Solving the request authentication problem. It was very hard to debug as the problem could be on either the client or server side, or even both. We discovered that my OAuth library signed the request in a slightly different way than the server expected, which resulted in the server denying all requests except simple GET requests (which were used to retrieve the current configuration). This was fixed by packaging the request in a different way that allowed the library to sign it correctly.

This Week
This week I will make sure all the interface elements currently in the app are correctly hooked up to the configuration, so that all buttons and sliders actually affect the desktop player being controlled. I will also create a new design of the GUI, keeping in mind that the app should look native to iOS.

Project Genesis: Report 7

Oops! Forgot to write the report yesterday. Got caught up in all the exciting work. But here it is.

Last week
Last week I took some time off the Genesis Project so I could prepare and release our Shang update. It was really fun. I updated the website with an awesome new tour feature. I also managed to polish the code some extra before the release. I actually moved pretty much all of the startup code around. I managed to get the startup time down to just a forth of what it was before. Stoffi had actually started to see a longer and longer startup time during the development of Shang in the summer. This little update got rid of that and we have actually landed on a better startup time than Xia.
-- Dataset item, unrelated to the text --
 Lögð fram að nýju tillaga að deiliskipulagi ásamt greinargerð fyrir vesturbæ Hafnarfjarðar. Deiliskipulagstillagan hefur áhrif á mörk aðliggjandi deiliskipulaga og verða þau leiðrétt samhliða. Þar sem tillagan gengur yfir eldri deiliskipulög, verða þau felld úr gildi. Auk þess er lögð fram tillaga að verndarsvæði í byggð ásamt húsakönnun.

One big part of the startup is the scanner. So I also had to improve the scanner. It had also been getting slower and slower during the development of Shang and was about 10 times slower than Xia. But I moved some code around there as well and cut some updates. One really neat trick was to only update the progressbar every 100th scanned song. Since each update of the progressbar requires the seperate scanner thread to make a call to the main GUI thread and have it update the GUI the overhead was quite large. With these smaller tweaks I managed to make scanner faster than Xia.
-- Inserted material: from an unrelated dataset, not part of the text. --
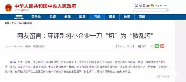陳超:總理,您好!大眾創(chuàng)業(yè)萬眾創(chuàng)新催生了很多小微企業(yè)。有些企業(yè)因為未進入工業(yè)園區(qū),即使沒有產(chǎn)生污染,也被一刀切地作為“散亂污”處理。如果企業(yè)對環(huán)境真有污染,十分支持國家大力整治。對有污染的企業(yè)必須加污染處理設備,污染處理達標才能生產(chǎn),給大家一個好的生存環(huán)境。但不能以在不在工業(yè)園區(qū)做為唯一標準來判斷企業(yè)是否屬于“散亂污”,要切實保障創(chuàng)業(yè)人的切身利益。

The biggest challenge was to get the upgrade mechanisms working. I successfully created a proper upgrade DLL for the settings and also got all the code working which was supposed to upgrade Xia to Shang. But as I was about to do a test on the stable channel (all upgrade tests are performed in the special test channel) I noticed that quite a few installations did not have the UAC prompt. Why this is I have no idea, but some people must have gotten them, since I actually got a feature request asking for its removal.
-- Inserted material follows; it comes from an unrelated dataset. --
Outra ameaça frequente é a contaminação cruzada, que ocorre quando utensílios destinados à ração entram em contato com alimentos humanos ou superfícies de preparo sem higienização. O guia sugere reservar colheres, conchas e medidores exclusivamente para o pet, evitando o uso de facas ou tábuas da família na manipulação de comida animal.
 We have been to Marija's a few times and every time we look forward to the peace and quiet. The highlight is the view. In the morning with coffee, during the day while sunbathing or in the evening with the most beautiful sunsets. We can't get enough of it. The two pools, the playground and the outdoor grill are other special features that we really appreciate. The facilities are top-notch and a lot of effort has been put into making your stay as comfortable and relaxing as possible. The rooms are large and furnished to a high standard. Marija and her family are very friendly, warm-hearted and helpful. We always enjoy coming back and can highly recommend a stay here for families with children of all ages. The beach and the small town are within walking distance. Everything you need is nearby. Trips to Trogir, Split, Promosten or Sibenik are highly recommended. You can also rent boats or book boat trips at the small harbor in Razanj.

Without UAC Stoffi doesn't get administrator rights. Without those rights Stoffi can't upgrade itself.

But this is actually good. Since the Xia installations are in the protected Program Files folder and I won't be able to support them for very long (Zhou will be their last version, then they will all lose admin rights and won't be able to get Qin). So I urge everyone to reinstall Stoffi and I promise you that I will make sure that one of our most awesome features will shine fully the next upgrade.

This week
This week started with a merge of all current trunk code into the beta branch. This means that our Zhou version is now in beta - a place where we only apply polishes, bugfixes, performance improvements and smaller tweaks. No new features.

I did manage to sneak in two new features though. The first one is a really cool playlist generator which I am pretty fond of. It is a feature request from Olle Gällmo, whom is the "Stoffi Hackathon Overseer". With it you can generate a playlist by letting Stoffi select a number of random tracks from a given list of tracks. The second feature is the ability to see all similar YouTube tracks.

So what I will do this week is to polish up the code, make it stable. I will also merge in our experimental reverse turing test into the registration procedure.

I hope that I will be able to release a beta (and an alpha) update this week as well.

The main challenge will probably be to get the network code more stable and predictable. I have a few tricks up my sleave so we'll see if I will manage to get everything going really good before the end of the weekend.